We know the girls travelled to Turkey and from there crossed the border into Syria, where Shamima was married to 23-year-old Dutch Isis fighter, Yago Riedijk, days after arriving. She spent four years in Syria and had three children by Riedijk, two of whom died of disease or malnutrition. A third, born after her capture by Western-backed forces died of pneumonia.
Both of her British school friends died in the conflict. Riedjik is now being held in a Kurdish-run prison in Syria.
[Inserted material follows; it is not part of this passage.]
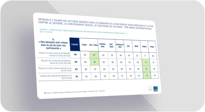 OPINION À L'ÉGARD DES ACTIONS MENÉES DANS LE DOMAINE DE LA RECHERCHE POUR PRÉVENIR ET LUTTER CONTRELE SEXISME, LE HARCÈLEMENT SEXUEL, ET SOUTENIR LES VICTIMES - PAR ZONES GÉOGRAPHIQUES Question : « Diriez-vous que suffisamment de mesures sont prises dans le monde universitaire/de la recherche pour... ? » (base : Ensemble) % « DES MESURES SONT PRISES Ensemble Europe Dont : France Amérique Dont : Amérique du Asie MENA Océanie Afrique MAIS ELLES NE SONT PAS latine Brésil Nord SUFFISANTES » Prévenir et lutter contre le harcèlement 64 64 67 63 62 68 54 52 71 68 sexuel sur le lieu de travail Soutenir les victimes de harcèlement 64 65 67 64 66 65 54 48 74 61 sexuel sur le lieu de travail Prévenir et lutter contre le sexisme sur le 63 65 67 60 60 65 54 48 73 63 lieu de travail Soutenir les victimes de sexisme sur le 61 62 64 59 58 61 54 52 72 62 lieu de travail 82 ©Ipsos - Violences sexistes et sexuelles au sein du monde scientifique - Fondation L'Oréal -- Mars 2023

According to interviews from 2021, he still believes in the eventual establishment of a Caliphate and would like to resume married life with Begum. For her part, she is hard to gauge. She is self-contained, closed off and displays none of the tears and histrionics we expect – indeed demand – from female victims.
Initially, when she was tracked down by reporters, she wore conservative dress and made no attempt to show remorse, to condemn IS as a terror group, to beg and plead to be allowed to return home, as we felt she should.
Instead she seemed hard, verging on implacable. Four years on, she is in Western dress, hair uncovered, expressing regret.
She says she understands the public see her “as a danger, as a risk, as a potential risk to them, to their safety, to their way of living”, but adds: “I’m not this person that they think I am.”
We’re not the only country grappling with the fallout from the IS regime. France has refused to repatriate suspected foreign fighters from Iraq and Syria, instead leaving it up to Baghdad to prosecute them. Germany conducts its own criminal prosecutions and has a programme in place to deradicalise and reintegrate those who have returned.
Leaving a stateless Shamima Begum to live out her days in a refugee camp might seem like a fitting punishment but it is a dereliction of duty. She was born in Britain. She was legally a child when she joined IS. She should be prosecuted here, not be subject to trial by the media.
That’s why we need to talk about Shamima. Making an example of her is a spineless copout.